"The DAOS parallel filesystem has a strong IO500 presence, holding positions 1 (Argonne) and 2 (LRZ) in the current Production SC25 list. The two, according to HPE, combined have four times the storage benchmark score of the next 30 storage systems. DAOS also appears at number 13 (Zuse Institute, Berlin), and 17 (China Telecom Research Institute). The software appears more often in the full IO500 list, with 16 of the top 30 submissions using DAOS, and 26 of the top 45 being DAOS devotees."
"But DAOS is widespread, with 15 to 20+ production systems in active use. For its use to spread, it has to demonstrate, we understand, significantly better storage IO performance than competing software, meaning supporting more processing cores and delivering higher bandwidth. DAOS is open-source code and no single parallel processing storage system supplier is reliant on it. HPE has its ClusterStor as well as DAOS. DDN has its Lustre software, and VAST and WEKA each have their own software."
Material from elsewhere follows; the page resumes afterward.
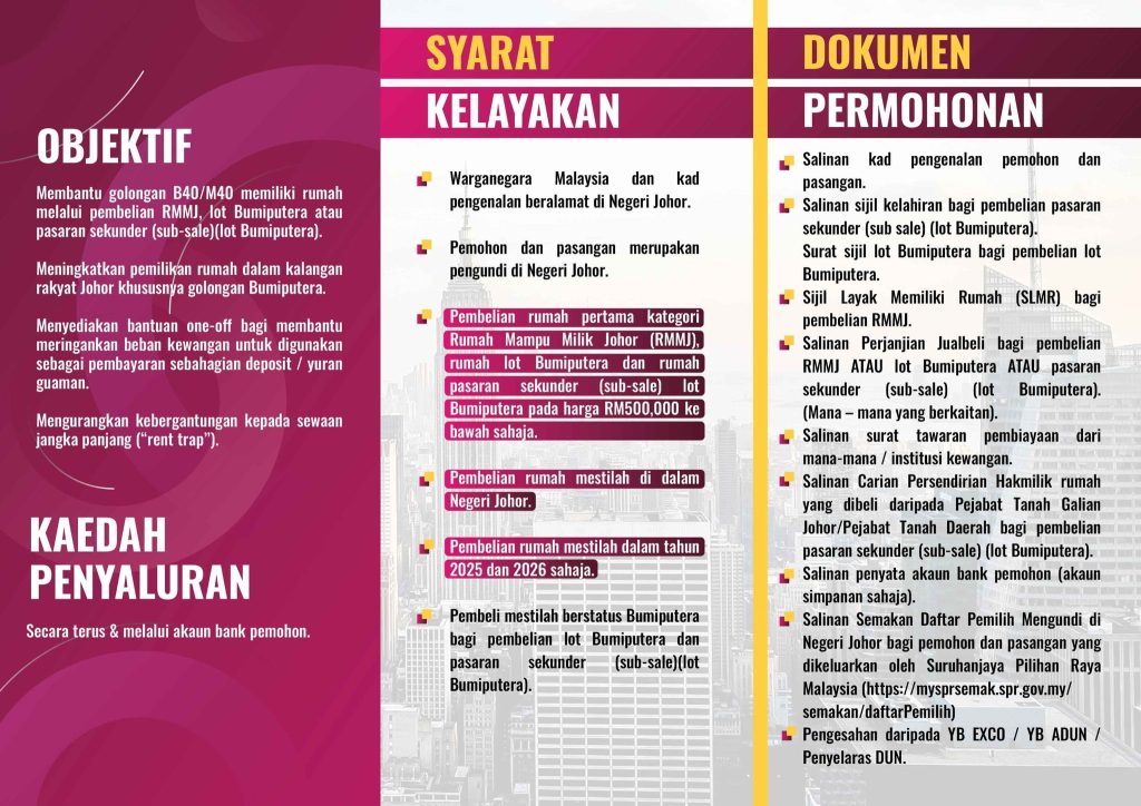 Program ini memberikan bantuan kepada lebih 20,000 pembeli rumah pertama yang membeli rumah di bawah kategori Rumah Mampu Milik Johor (RMMJ sama ada lot Bumiputera atau rumah pasaran sekunder (sub-sale) bagi lot Bumiputera. Setiap penerima yang layak akan menerima bayaran secara one-off sebanyak RM5,000.

"The IO500 measures storage IO performance while the TOP500 rates pure supercomputer power. Nvidia GPU systems are appearing in it, with the number 17 position held by CHIE-4, a DGX B200 system. Nvidia-based systems also appear at positions 17, 22, 24, 29, 30, and 32. AMD GPU systems are also appearing. Enakta Labs co-founder Denis Nuja reckons that in supercomputers, "Lustre is still pretty much number one. ... I haven't seen a GPFS (Storage Scale) system in a long time.""
DAOS holds multiple top IO500 positions and powers numerous production systems, including top ranks in both full and 10-node lists. The software is open source and shows strong benchmark leadership, but broader market growth requires demonstrable advantages in storage IO for AI and GPU-centric workloads. Competing solutions such as ClusterStor, Lustre, VAST, and WEKA remain available and adopted. Rising Nvidia and AMD GPU systems in TOP500 rankings increase demand for storage that scales to more processing cores and provides higher bandwidth tailored to modern AI-focused supercomputing environments.